To convince management that online diagnostics would pay off, the mill did a pilot. “We identified the top 25 valves and did a study of the cost of valves and labor for preventive maintenance,” said Murphy.

They determined that predictive maintenance would save $705 per valve. On a 200-tag system, that would be $141,000 per year. “To recognize that some valves are less critical, we applied a 0.5 factor, to $70,000 per year,” Murphy said. “The payback calculated to less than five months. And that only recognizes the cost of pulling valves during shutdown, not any improvements in the process or reliability.”

They’ve also been collecting examples of how the system could prevent unplanned maintenance and shutdowns, called quantified business results (QBRs). In one QBR, “We had a performance issue causing variations in the process that led to sheet breaks,” St. Thomas said. Each break cost $23,500. “It turns out the actuator on a pulp stock valve had the wrong tuning.”

In another QBR, they found one of the valves on the steam dryer could only open to 80% due to low pressure at the actuator. A second could only open 46%. It’s in a hot environment—the valve diagnostics recorded a peak of 162 °F—and had hardened o-rings. “So, we were slowing down the drying process at an estimated cost of $1,000 per day, and we don’t know for how long,” St. Thomas said.

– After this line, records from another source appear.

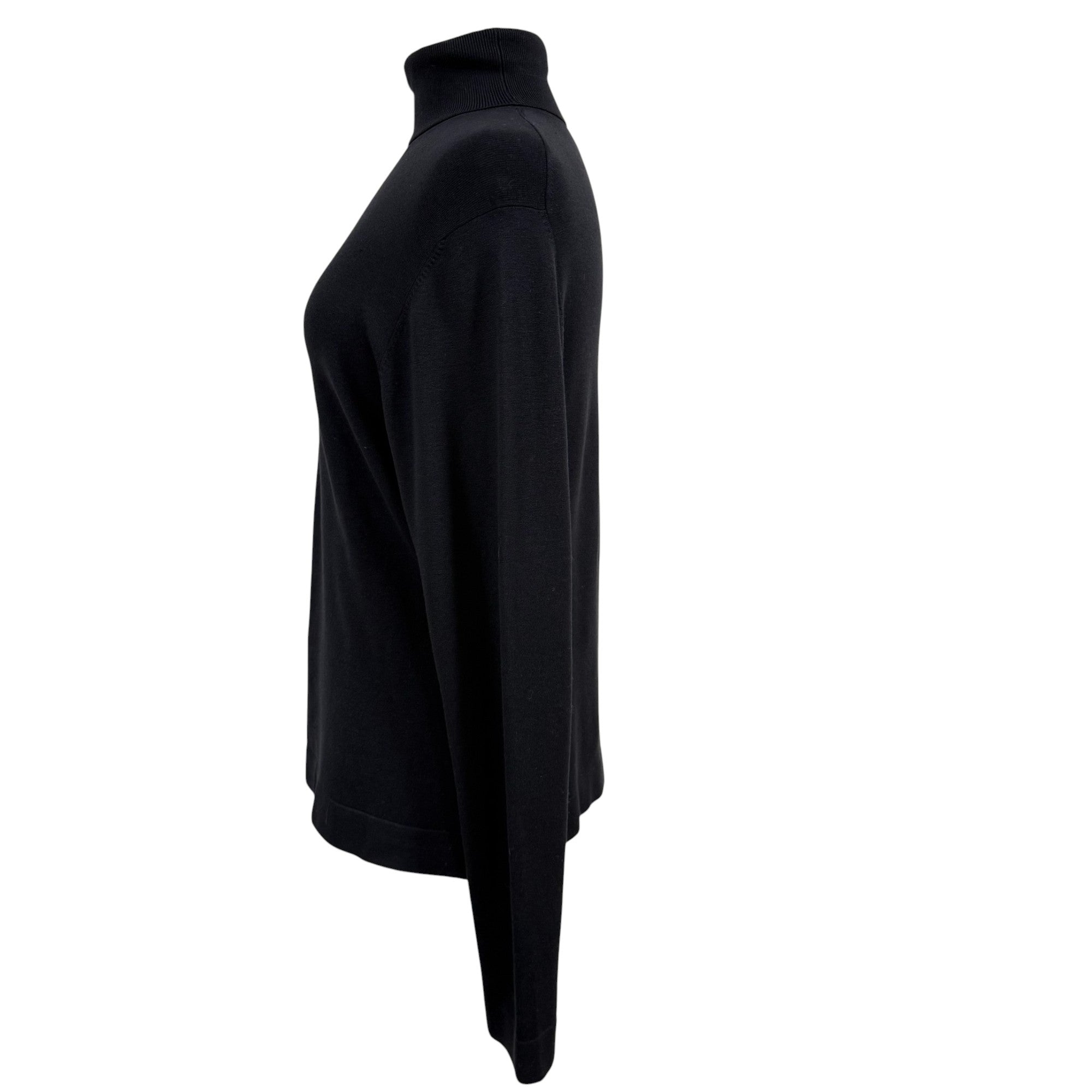 90s Minimalist Black Silk Knit Turtleneck Size Large
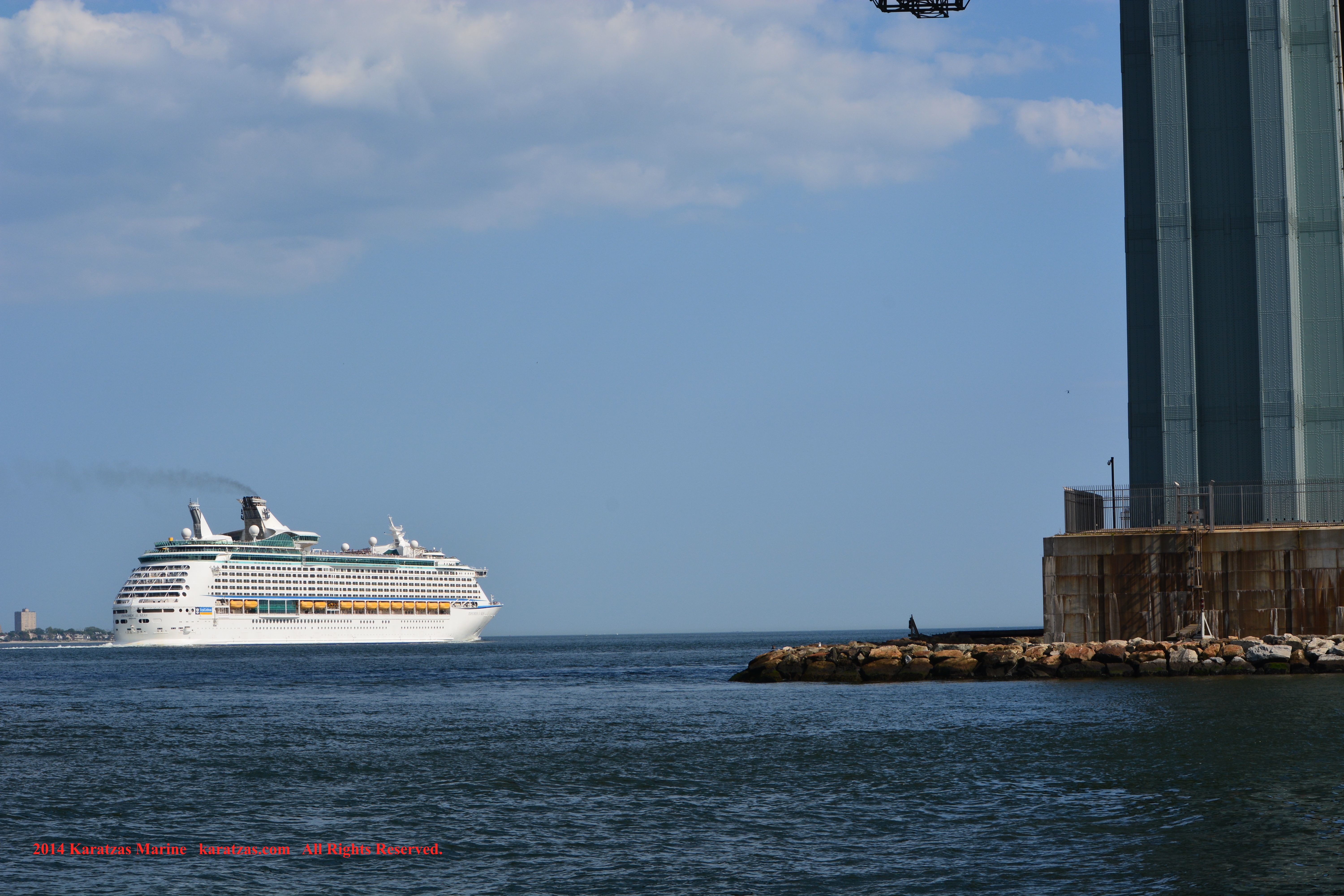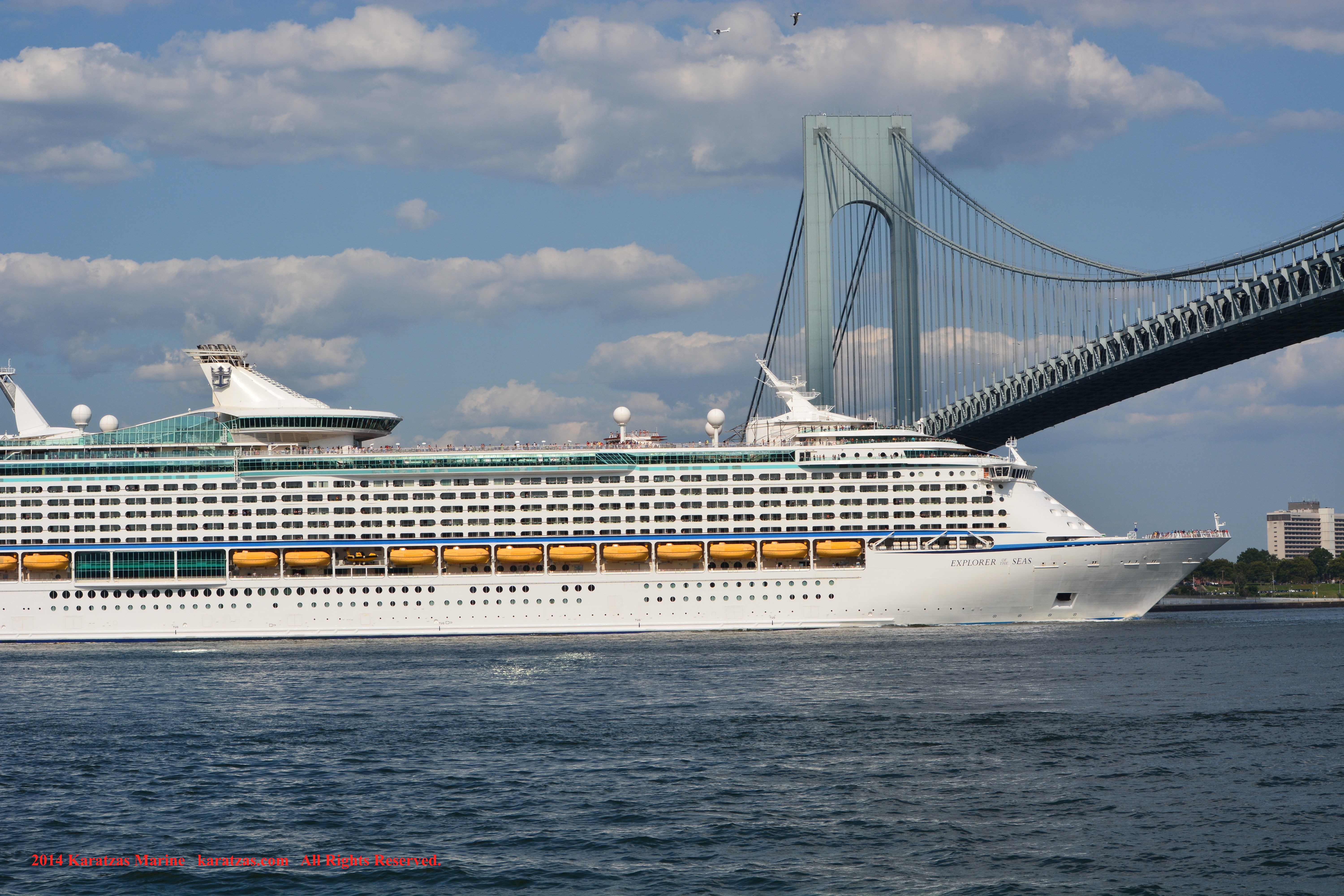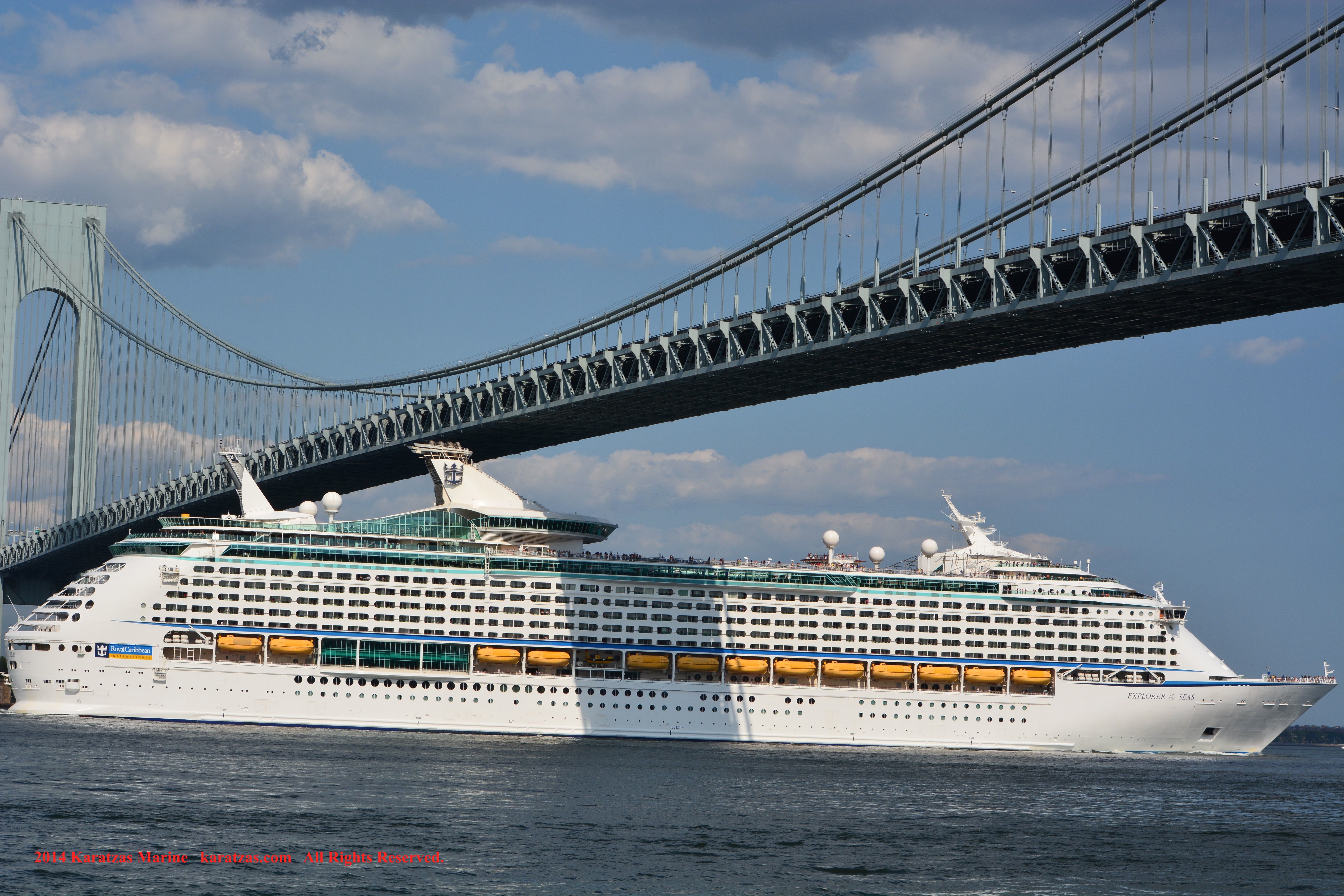 Royal Caribbean’s ‘Explorer of the Seas’ (3,100 berths, built at Kvaerner Masa in 2000) departing New York Harbor. Verrazano-Narrows Bridge aloft!   karatzas.com
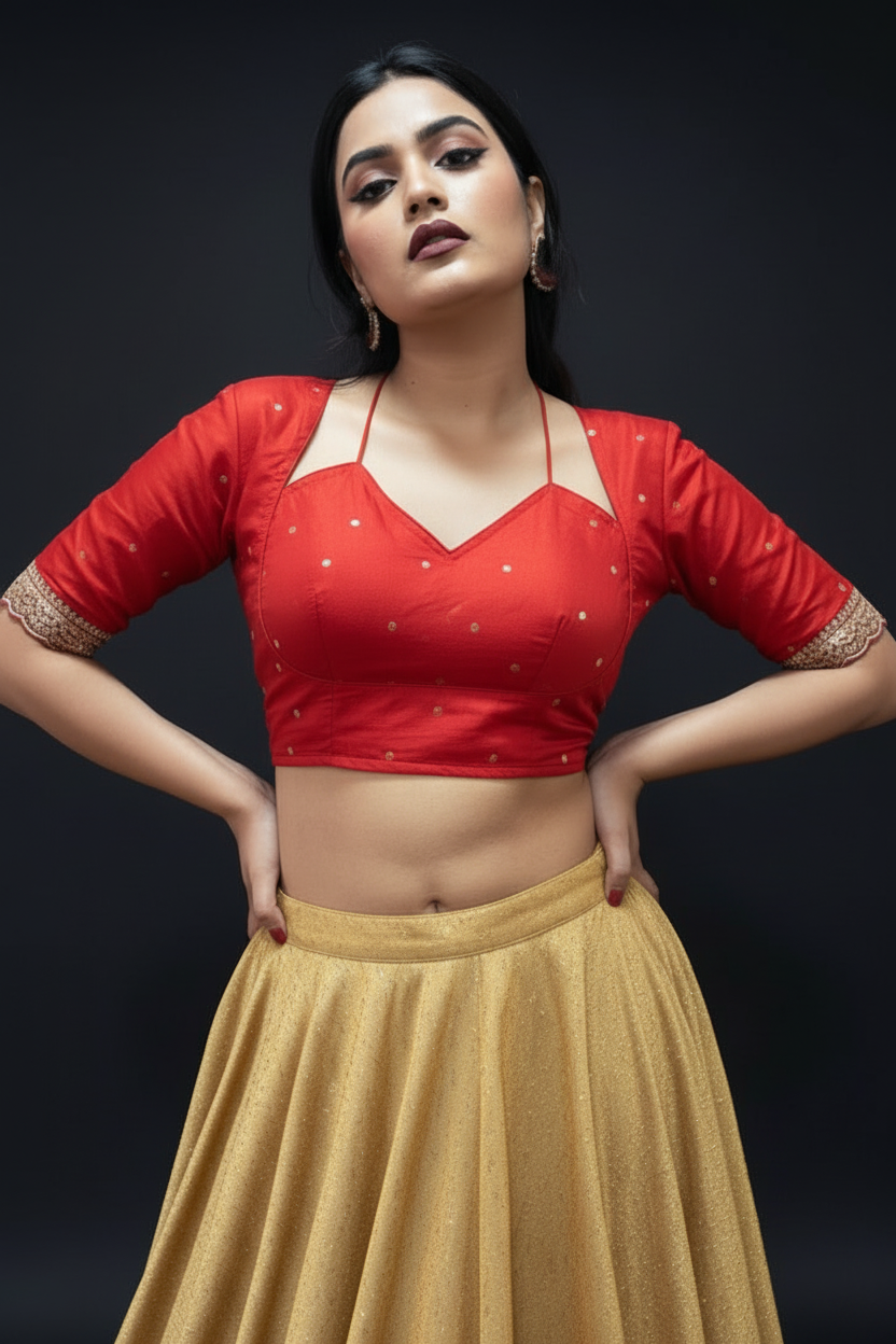 Red Masaba Style Vichitra Silk Blouse

These examples further support investments in AMS Device Manager.

Implementation is straightforward. Spartan conducted an audit on the existing AMS system, provided a quote for hardware and software, and submitted an implementation plan. Harmac assigned an AMS champion from the valve shop, identified the tags to be monitored, and assigned devices to the proper priorities (1, 2 or 3). Then working together, Spartan and Harmac replaced any non-smart devices on the priority 1 and 2 lists with smart devices, configured the alarms in the devices, set up the database and trained the area champion(s).

Once in operation, they’ll continue to capture QBRs going forward, said St. Thomas. “We’ll continue to reap the benefits, with a tangible effect on our business.”